The following code will try to replicate the data collection for Quintd-1 (up to some differences in API responses):
python data/generate_dataset.py --replicate
Data-to-text generation requires having access to a LLM through an API. The code we provide here is tested with:
- text-generation-webui (commit d01c68f) - used for open LLMs.
- OpenAI API (as of 13/07/2024) - used for GPT-3.5.
It should be fairly easy to connect the code with any other OpenAI-like API.
Here is how to generate outputs for a particular domain, model, and setup:
python model/generate.py -d [DOMAIN] -s [SETUP] -m [MODEL] -p [DATASET_PATH] -a [API_URL]
Example:
export TG_WEBUI_API_URL="http://tdll-8gpu1.ufal.hide.ms.mff.cuni.cz:5000"
python model/generate.py -d ice_hockey -s direct -m zephyr -p data/quintd-1 -a $TG_WEBUI_API_URL
You can also run the experiments with a single command:
python run_experiments.py
See the config file model/setups/direct.yaml for the model prompt and other hyperparameters.
The generated outputs for Quintd-1 are available in data/quintd-1/outputs.
We published our framework for annotating errors in LLM outputs as a standalone project 🎉
👉️ factgenie 👈️
We highly recommended your to use factgenie for your own experiments instead of the code in this repository.
Here is how to replicate the LLM annotation process (without factgenie, using only the code in the repository).
For generating outputs for a particular domain, model, and setup:
python evaluation/evaluate.py -d [DOMAIN] -s [SETUP] -m [MODEL] -p [DATASET_PATH]
Example:
python evaluation/evaluate.py -d ice_hockey -s direct -m zephyr -p data/quintd-1
You can also run the evaluation with a single command:
python run_gpt4_eval.py
The error annotations for Quintd-1 are available in data/quintd-1/annotations.
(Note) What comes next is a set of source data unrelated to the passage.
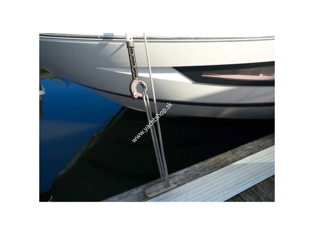 * Upozorňujeme, že tento hák na loď nie je vhodný na unesenie hmotnosti lode a nemal by sa na taký používať. Minimálna veľkosť kotviaceho krúžku: priemer 35 mm.
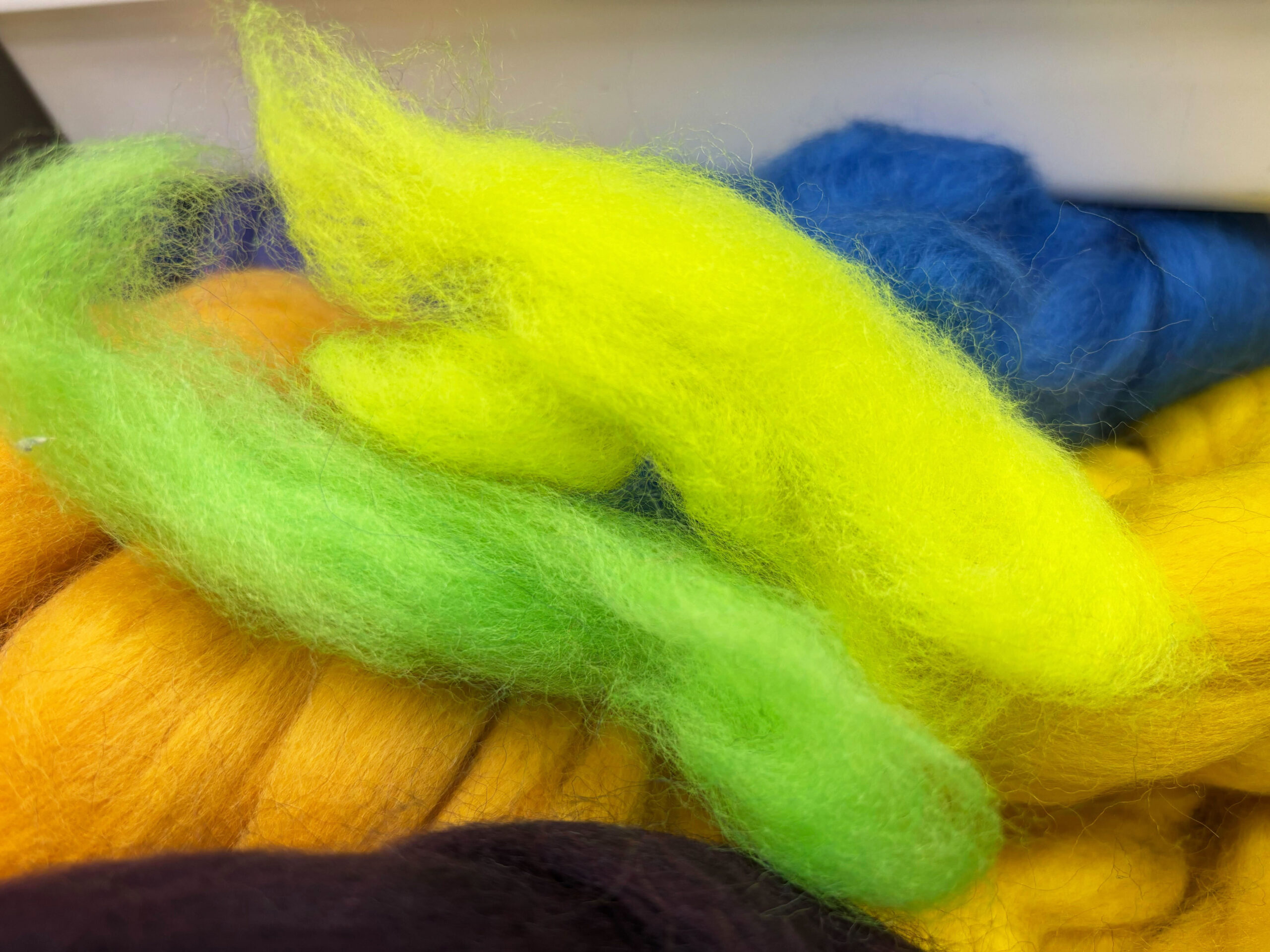 先生の前には色とりどりの羊の原毛(コリデール)が並んでいます✨
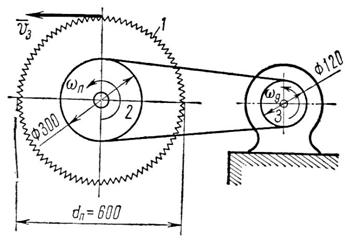 1. Так как пила 1 и шкив 2 насажены на одном валу, то они имеют одну и ту же угловую скорость wп и скорость зубьев пилы V3 = 15 м/с зависит от wп:
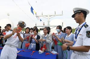 (250930) -- HONG KONG, 30 septiembre, 2025 (Xinhua) -- Estudiantes aprenden a hacer nudos mientras visitan el buque naval Qi...
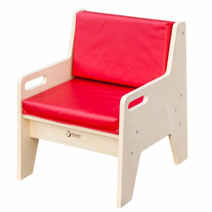 Облегалката на столчето е тапицирана в червено, което му придава мек и приятен вид;
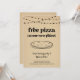 Pizza gratis (¡en nuestro nuevo lugar!). Disfrute de una divertida invitación a la casa que pone el foco en... pizza! El arte es dibujado a mano.
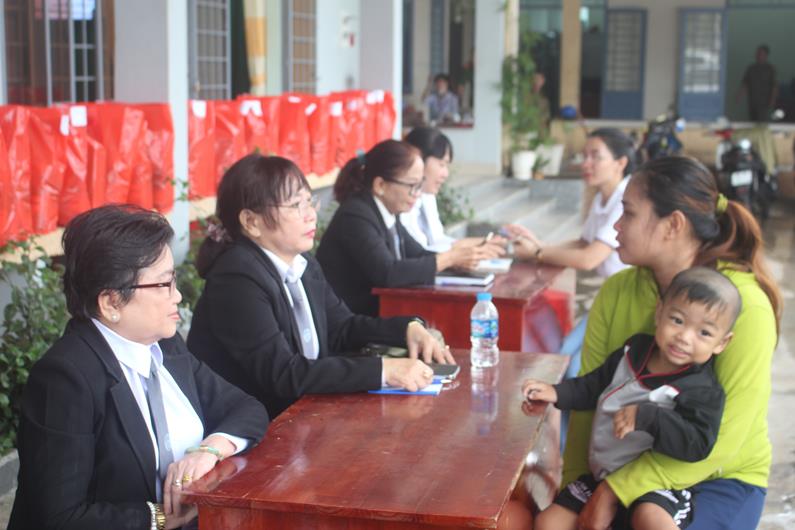 Các luật sư Đoàn luật sư tỉnh (tay trái) tư vấn pháp luật cho người dân xã La Ngà (H.Định Quán) tại buổi tuyên truyền
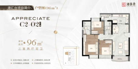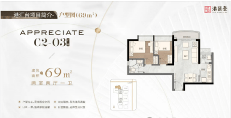 汉国置业·港汇台主推69-144平方米的二房至四房户型,涵盖多种面积段,满足不同家庭的需求:
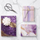 Purple Gold Sparkle Glitter Girly Stripes Birthday Wrapping Paper Sheet
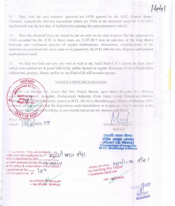 5.4 Reliance was also placed on the order dated 07.10.2021 of the Lucknow Bench of the Tribunal in the case of Shri Subodh Agarwal v. DCIT, Kanpur for assessment year 2015-16 in ITA No.674/LKW/2018. The Ld. A.R. submitted that an identical issue had arisen before the Tribunal wherein, the Tribunal had quashed the assessment order based on the common approval dated 31.12.2017 granted by ACIT, Central Range, Kanpur under section 153D of the Act. He further submitted that against the said order dated 07.10.2021 (supra) of the Tribunal, the Department had filed an appeal before the Hon’ble Allahabad High Court, vide ITA No.86 of 2022, which was dismissed by the Hon’ble Court vide order dated 12.12.2022.
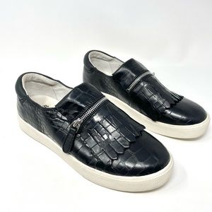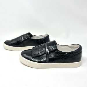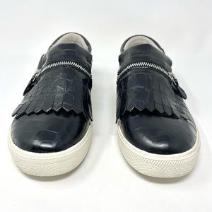Ash King Kiltie Fringe Black Croc Embossed Leather Sneakers Size 40

Note that error annotation using GPT-4 requires access to the OpenAI API.
- data - Quintd data collection framework.
- generate_dataset.py - A script for generating a new dataset & replicating the collection of Quintd-1.
- data/quintd-1 - Resources for the Quintd-1 dataset.
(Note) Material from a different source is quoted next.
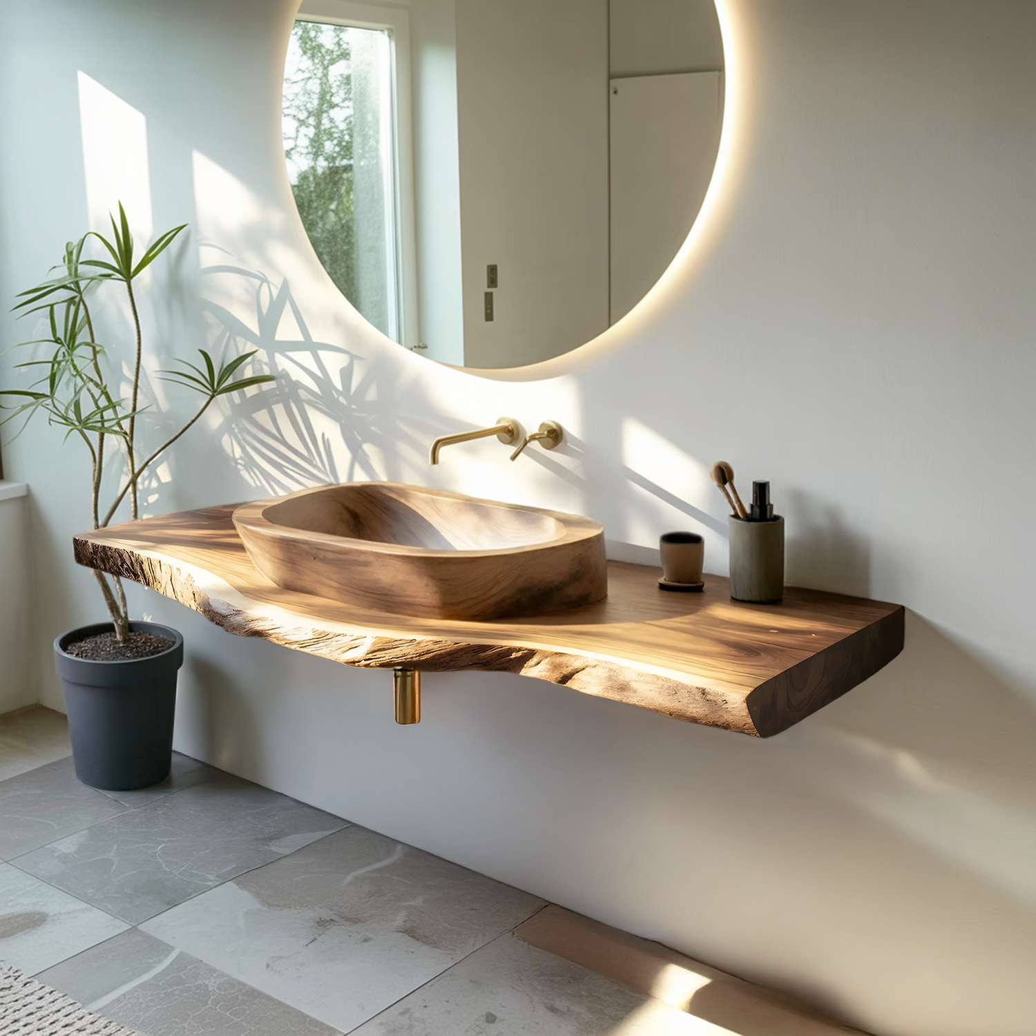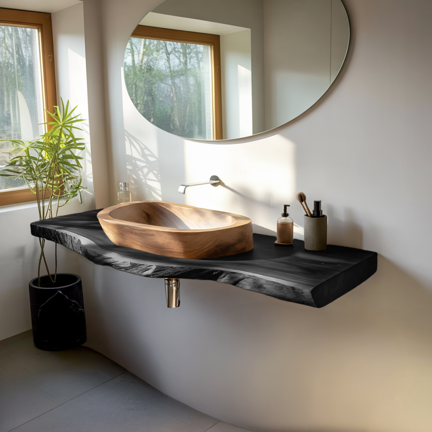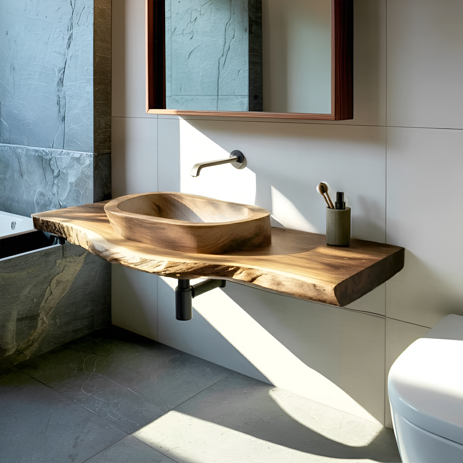 Upgrade your bathroom with the Handcrafted Vanity With Storage For Bathroom Design. Carefully made from solid wood, this vanity blends artisanal detail with everyday practicality. Its floating silhouette helps free up floor space, while the built-in storage keeps essentials organized. With timeless character and handcrafted charm, it becomes both a functional solution and a stylish centerpiece for your bathroom décor.

- annotations - Error annotations (GPT-4 / human).
- data - Data inputs.
- outputs - Generated model outputs.
- run_experiments.py - A wrapper code for running text generation.
- run_gpt4_eval.py - A wrapper code for running GPT-4 evaluation.
If you build upon our work, please cite our ACL paper:
@inproceedings{kasner2024beyond,
title = "Beyond Traditional Benchmarks: Analyzing Behaviors of Open {LLM}s on Data-to-Text Generation",
author = "Kasner, Zden{\v{e}}k and
Du{\v{s}}ek, Ond{\v{r}}ej",
editor = "Ku, Lun-Wei and
Martins, Andre and
Srikumar, Vivek",
booktitle = "Proceedings of the 62nd Annual Meeting of the Association for Computational Linguistics (Volume 1: Long Papers)",
year = "2024",
address = "Bangkok, Thailand",
publisher = "Association for Computational Linguistics",
url = "https://aclanthology.org/2024.acl-long.651",
pages = "12045--12072",
}
This work was co-funded by the European Union (ERC, NG-NLG, 101039303).